Перед отъездом из Поленова я еще раз побывала у Ариадны Сергеевны, а в сентябре приехала из Москвы рассказать про институт, в который я наконец поступила.
3 января 1970 года. Билеты в Большой театр в ту пору достать было трудно. Ариадна Сергеевна как-то упомянула, что ей хотелось бы посмотреть «Щелкунчика». Его давали всегда в новогодние каникулы. Константин Михайлович Воскобойников, управляющий делами Большого театра, был очень милым человеком и сразу откликнулся на мою просьбу, тут же позвонив по телефону и заказав два билета. Утром я привезла Ариадне Сергеевне билеты в третий ряд партера, а сама пошла на спектакль, как мы всегда ходили, по пропуску, располагаясь «на гербе». За гербом, венчавшим центральную ложу театра, было обширное пространство, где свободно размещались три-четыре человека (стоя, конечно).
На обратном пути в метро Ариадна Сергеевна говорила: «В этом спектакле хорошо то, что он классичен.
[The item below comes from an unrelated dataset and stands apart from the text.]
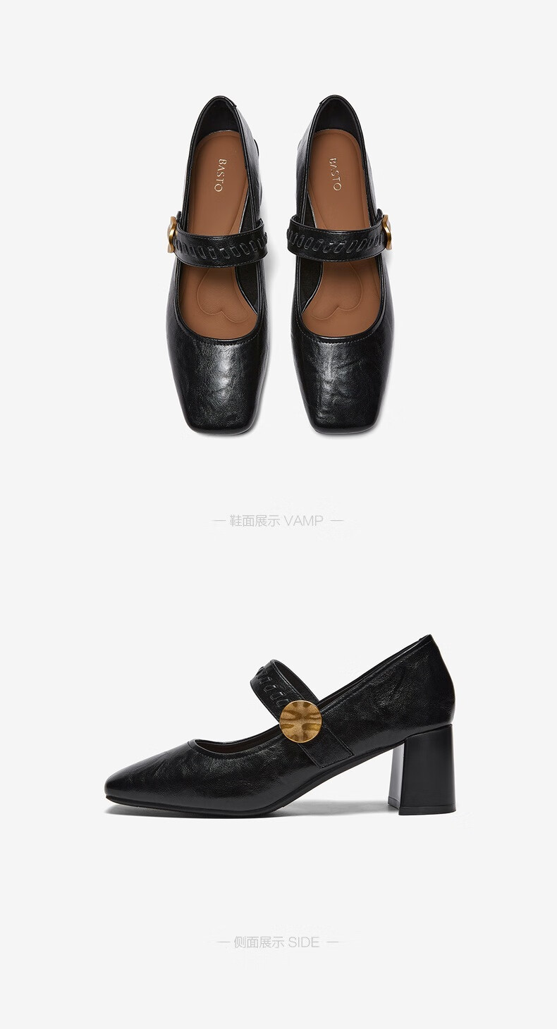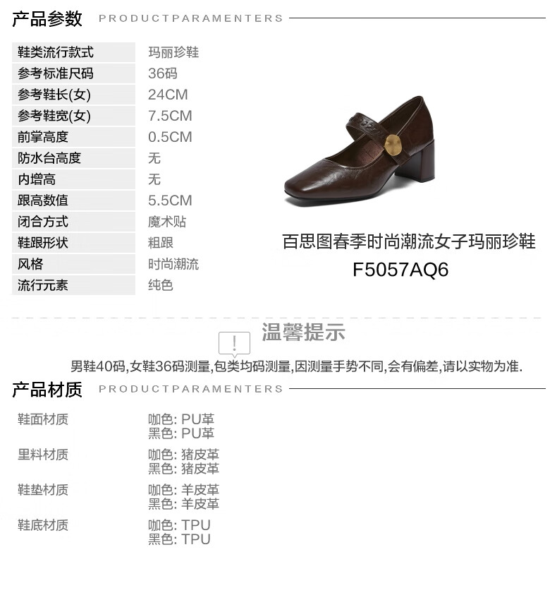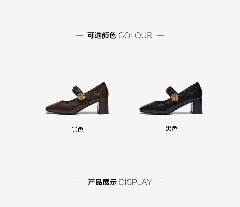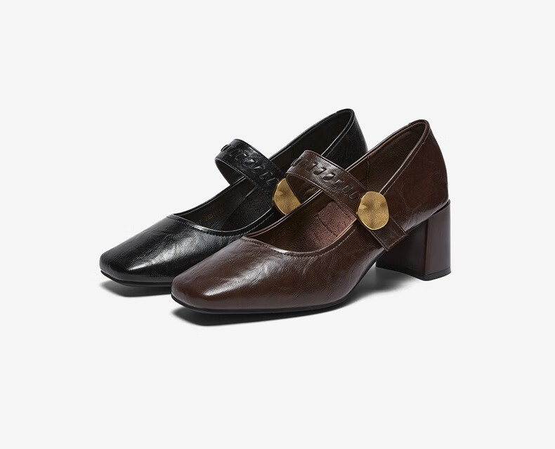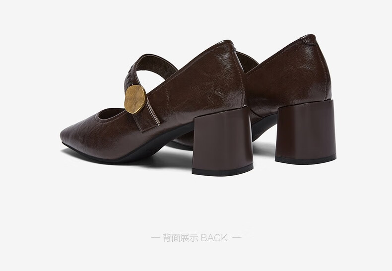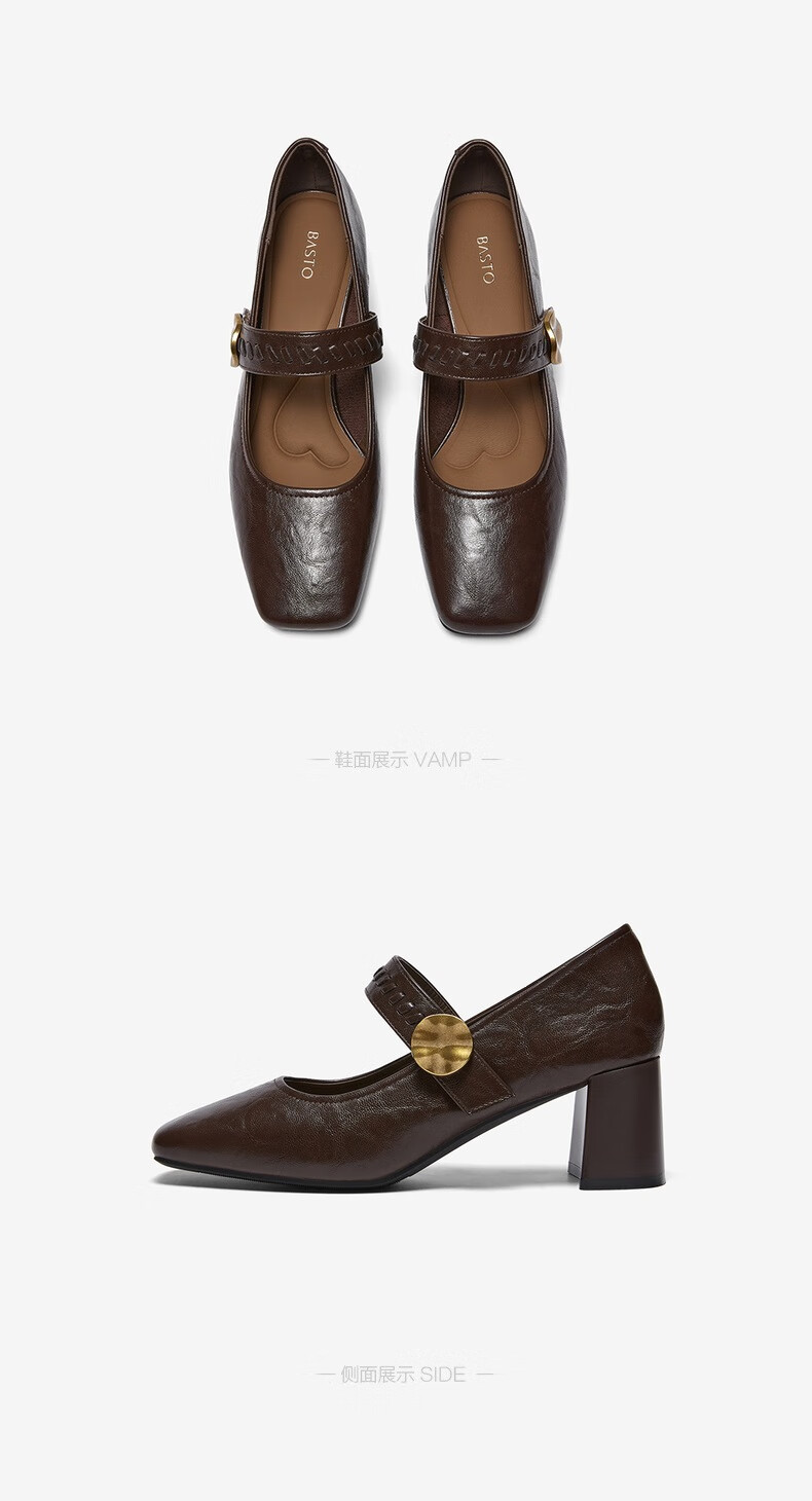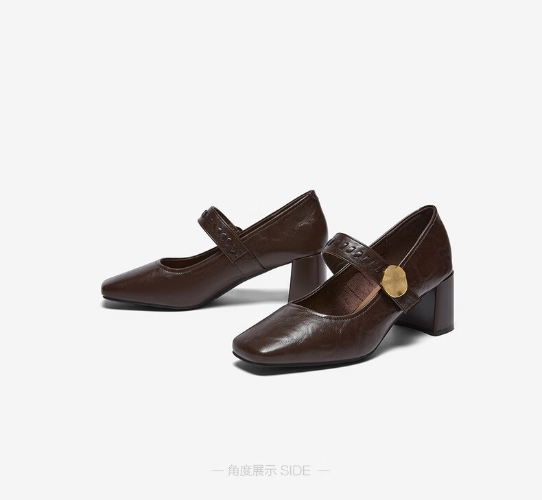百思图2026春季新款玛丽珍鞋时尚复古法式方头女单鞋F5057AQ6 咖色 36

Я давно хотела посмотреть классический балет. Я видела „Каменный цветок“, он мне не понравился. Не понравились пестрота декораций, костюмов, современность рисунка танца. А это – классицизм. И даже, знаешь, немножечко Французская революция, когда уже не XVIII век, но еще и не XIX-й. И вообще я очень люблю эту сказку, хотя балет почти и не по сказке. Раньше это была настольная книга каждого детства. Мастер кукол там назывался Магистр Чернилка, и мама очень возмущалась этим и говорила, что не Чернилка, а Magister Tinte – Чернильная Душа.
И в этом спектакле есть душа. Вот мы недавно были на концерте ансамбля Моисеева. Они умеют всё, что умеют эти, если не больше, техника потрясающая. Но того, что у этих, – нет. При блестящей, сногсшибательной технике – ничего для души. А здесь… душа, как пламя свечи…
Около нас сидели две девочки. Родители их посадили и ушли, а в антракте вернулись, и девочки их спрашивали: „А этот дяденька – кто? А эта тетенька – чего?“ Ну, думаю, если уж пошли „дяденьки“ и „тетеньки“, дело плохо, балет ведь такое условное искусство. А сказку они, конечно, не знают.
А я, когда возвратилась из всех Сибирей, на Кузнецком Мосту купила себе эту сказку – вот такая большая книжка с картинками на немецком языке».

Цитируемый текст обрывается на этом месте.